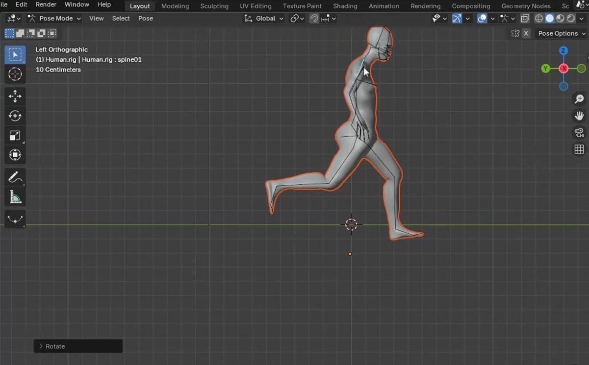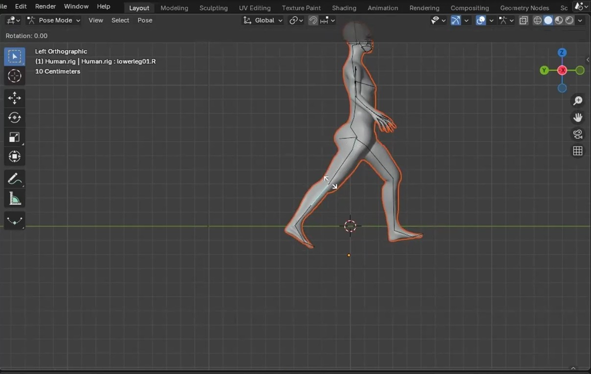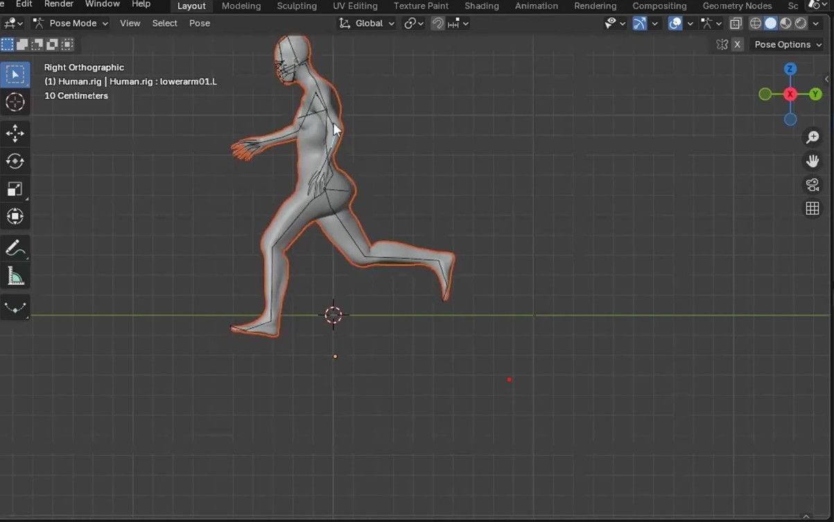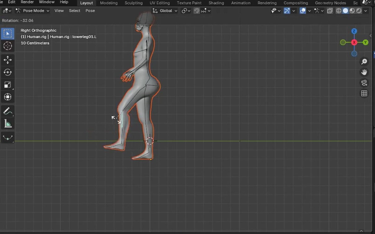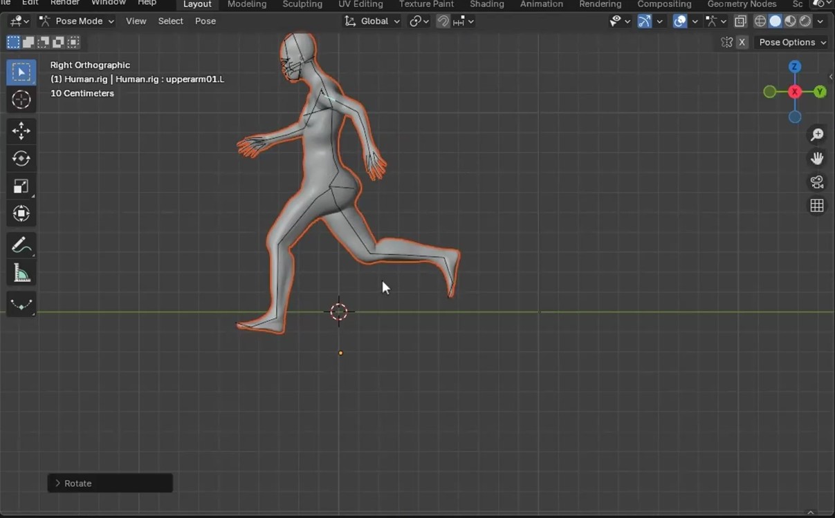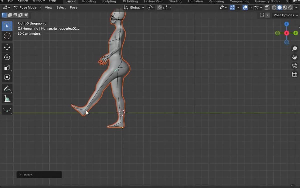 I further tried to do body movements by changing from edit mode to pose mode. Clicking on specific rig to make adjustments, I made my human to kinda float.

...

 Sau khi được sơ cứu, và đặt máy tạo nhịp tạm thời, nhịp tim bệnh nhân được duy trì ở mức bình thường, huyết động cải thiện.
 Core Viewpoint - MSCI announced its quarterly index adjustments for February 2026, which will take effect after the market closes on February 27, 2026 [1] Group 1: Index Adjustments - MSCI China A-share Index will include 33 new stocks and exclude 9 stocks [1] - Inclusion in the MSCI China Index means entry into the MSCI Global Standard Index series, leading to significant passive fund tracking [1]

--

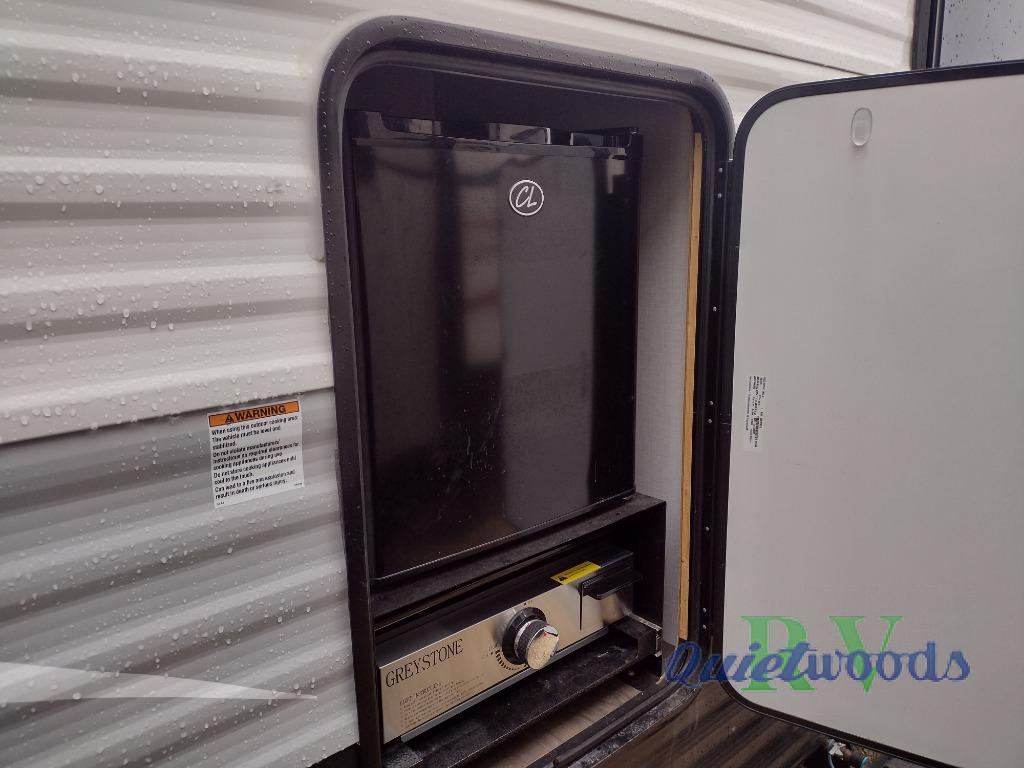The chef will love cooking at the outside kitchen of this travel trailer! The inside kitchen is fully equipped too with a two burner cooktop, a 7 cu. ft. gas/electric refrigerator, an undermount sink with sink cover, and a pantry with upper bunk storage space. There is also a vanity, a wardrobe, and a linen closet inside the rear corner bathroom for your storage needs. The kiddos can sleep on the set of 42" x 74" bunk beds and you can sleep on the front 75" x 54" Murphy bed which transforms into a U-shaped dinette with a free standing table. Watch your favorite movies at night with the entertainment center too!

_Task instructions_: Copy out the range of lines above starting at the line with "Sau khi được" and ending at the line with "Core Viewpoint - MSCI", exactly and including both.

_Result below_:
 Sau khi được sơ cứu, và đặt máy tạo nhịp tạm thời, nhịp tim bệnh nhân được duy trì ở mức bình thường, huyết động cải thiện.
 Core Viewpoint - MSCI announced its quarterly index adjustments for February 2026, which will take effect after the market closes on February 27, 2026 [1] Group 1: Index Adjustments - MSCI China A-share Index will include 33 new stocks and exclude 9 stocks [1] - Inclusion in the MSCI China Index means entry into the MSCI Global Standard Index series, leading to significant passive fund tracking [1]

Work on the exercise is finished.